Welcome to this edition of the Click Pledge's Fundraising Command Center Podcast, where we talk the why, the what, and the how in the Click and Pledge's ecosystem.
Speaker 2:Yep.
Speaker 1:So that's the official welcome, but today our mission is, a little simpler and honestly much deeper. We are launching into the Why series and I am just so excited to introduce this as part one of our five part series, The Story with a Thousand Endings. We spent so much time on the transactional, how the buttons, the pages, the data that we really felt we needed to step back and look at the the fundamental architecture of connection.
Speaker 2:Exactly. Our whole mission for this series is to redefine what effective fundraising even is. We suggest you shift away from seeing it as just a marketing task, you know, a transactional exchange.
Speaker 1:Right.
Speaker 2:And instead, embrace it as, well, almost a sacred invitation to a mythic journey. We really want to transform how you connect with your donors by giving them a real powerful role in a much bigger story.

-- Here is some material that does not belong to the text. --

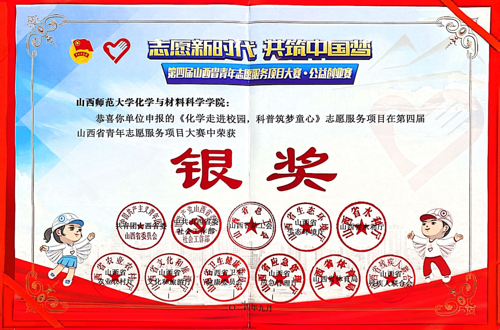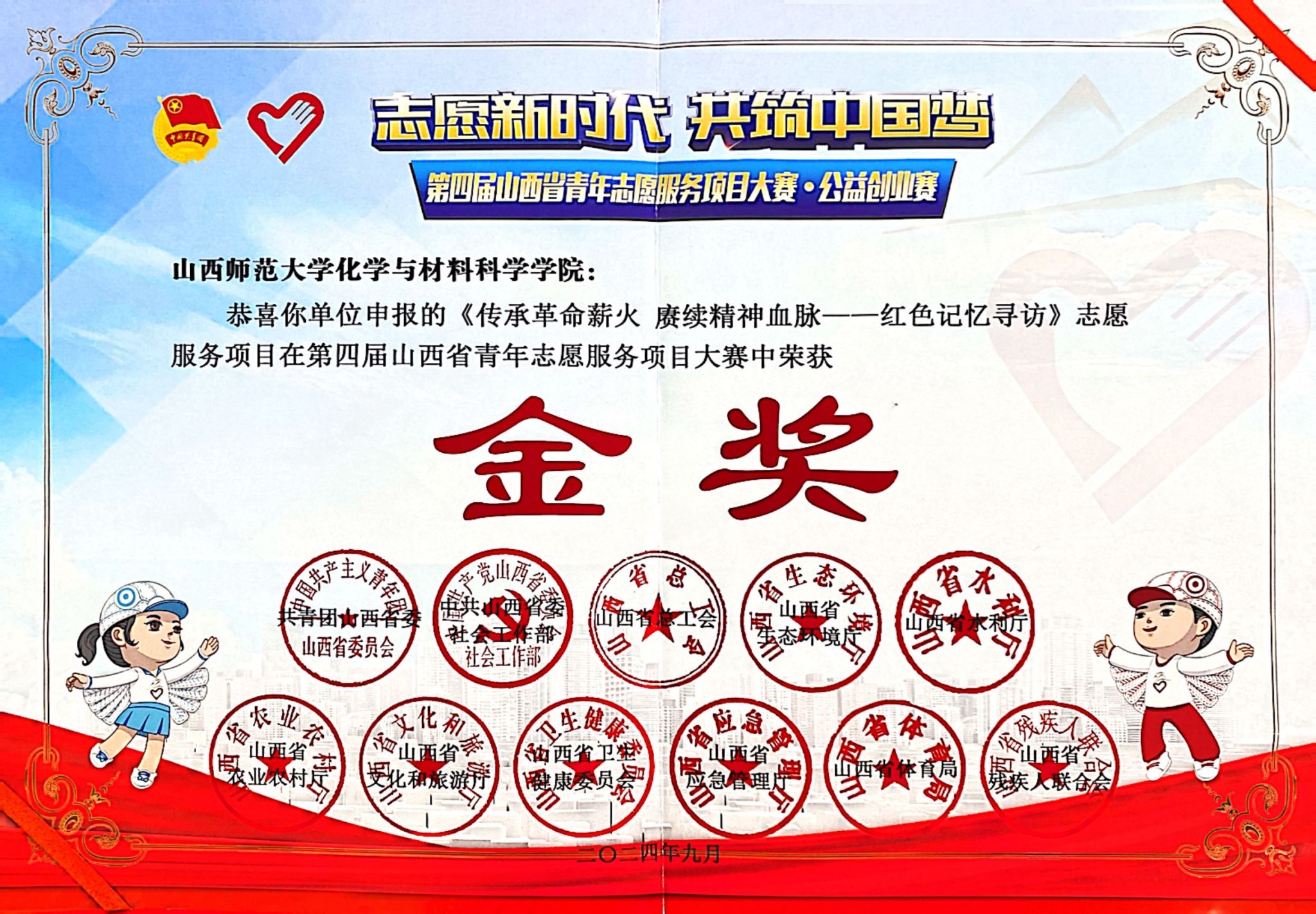 9月10日,第四届山西省青年志愿服务项目大赛和公益创业赛落下帷幕,77779193永利集团《传承革命薪火 赓续精神血脉——红色记忆寻访志愿服务项目》和《“化学走进校园,科普筑梦童心”志愿服务项目》从省决赛中脱颖而出,分别获得省级金银奖,并被推报国赛。

Speaker 1:So the idea here is to give you a genuine framework.
Speaker 2:Yeah.
Speaker 1:A map really. For structuring the donor's experience so that the simple act of giving becomes something epic. It elevates the donor from just being a customer to being a co creator.
Speaker 2:And to do that we look to, I mean, the master map maker of narrative himself, Joseph Campbell. The foundation for this whole deep dive is his work. Specifically, the hero with a thousand faces. We've adapted its patterns to create our five stage roadmap.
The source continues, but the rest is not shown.